Clarence Thomas Drops the Hammer: Stolen Property Is Still Stolen, Even With a Cruise Ship Logo On It

Clarence Thomas Drops the Hammer: Stolen Property Is Still Stolen, Even With a Cruise Ship Logo On It

The Supreme Court just ruled 8-1 that when communists steal your property, the corporations who profit from it don't get to keep the money. Justice Clarence Thomas, writing for the majority, opened the door for an American company to collect $110 million from four cruise lines that happily shipped nearly one million passengers through docks Fidel Castro's regime seized back in 1960.

I know, I know — the radical notion that theft is still theft even when it happened 66 years ago. Somebody alert the law schools.

Here's the backstory. Havana Docks Corp., an American company, operated the Port of Havana facilities starting in 1928. They ran those docks for over three decades until Castro's communist regime confiscated everything in 1960. Just took it. Because that's what communists do — they see something nice and they take it.

Fast forward to 1996, when Congress passed the Helms-Burton Act — officially the Cuban Liberty and Democratic Solidarity Act — which gave American companies the legal right to sue anyone "trafficking" in their confiscated property. For years, successive administrations suspended the key provision. Then President Trump, during his first term, let that suspension lapse. Havana Docks finally had its day in court.

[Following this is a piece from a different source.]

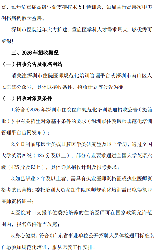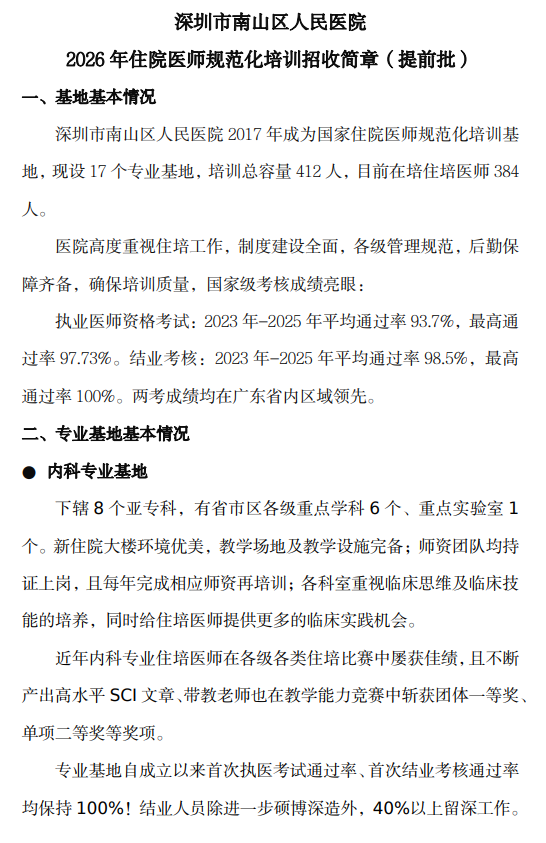 深圳市南山区人民医院2026年住院医师规范化培训招收简章(提前批)
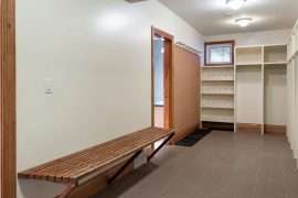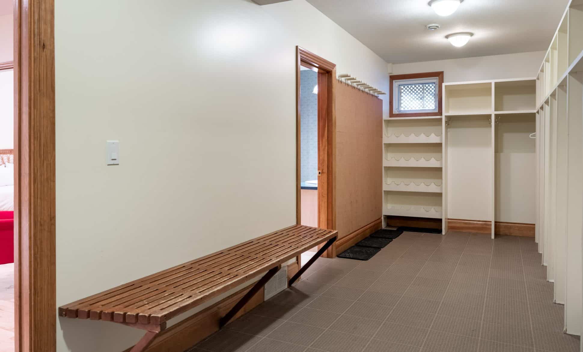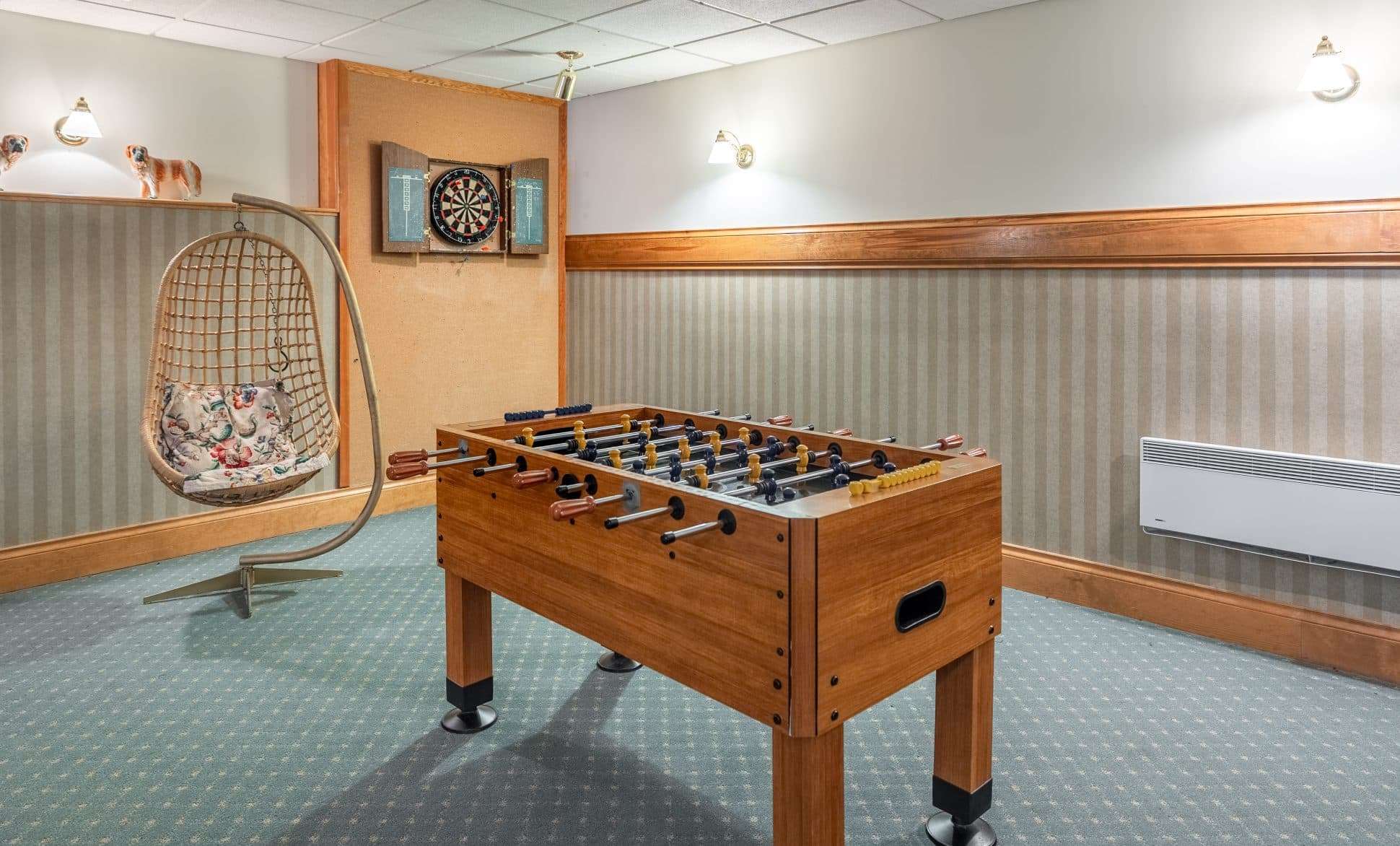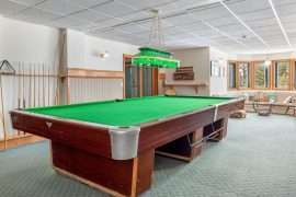 From the main living area, head downstairs to the games room which is a perfect spot to wind down at the end of the day. You’ll find a full size snooker table, foosball table and bar. On this level, you will also find the bedroom with the bunk beds and double bed behind a private door within the room. There is a full bathroom on this level too. This is also where you will access the skiway and where you can store all of your gear. One of the hot tubs is also on this lower level.

And what a day it was. The company sued Royal Caribbean Cruises, Norwegian Cruise Line Holdings, Carnival Corp., and MSC Cruises for using the stolen facilities. Between 2016 and 2019, these corporate giants transported nearly one million passengers through those docks — docks that belonged to an American company. The courts awarded $110 million in judgments against the four cruise lines.

The cruise companies, naturally, argued they shouldn't have to pay because Cuba had supposedly granted them fresh permission to use the facilities. Justice Thomas wasn't buying it. "At that point, the docks were tainted as confiscated property," he wrote in the majority opinion for Case 24-983. Translation: you can't launder stolen goods just because the thief gave you a receipt.

Eight justices agreed. Eight.

The lone dissenter? Justice Elena Kagan, who characterized Havana Docks Corp. as merely "a renter with a lease" that was set to expire in 2004 anyway. Leave it to the liberal wing — well, what's left of it — to side with the communists and the billion-dollar cruise industry over the Americans who actually got robbed.

Let's be clear about what happened here. Castro's thugs stole American property. Corporate America knew it was stolen. They used it anyway because the money was too good. And now, thanks to Justice Thomas and seven of his colleagues, they're going to pay for it.

This ruling, handed down May 21, 2026, is even sweeter considering that the DOJ just indicted Raúl Castro — Fidel's brother — the very next day. Bad week to be a Castro apologist.

The cruise lines will survive writing a $110 million check. But the principle matters more than the payout. Stolen property is stolen property, whether it's your neighbor's lawnmower or an entire port facility seized by a communist dictator. The Supreme Court just confirmed what the rest of us already knew.

As reported by RedState, this is exactly the kind of ruling that reminds you the system can still work — when the right people are on the bench.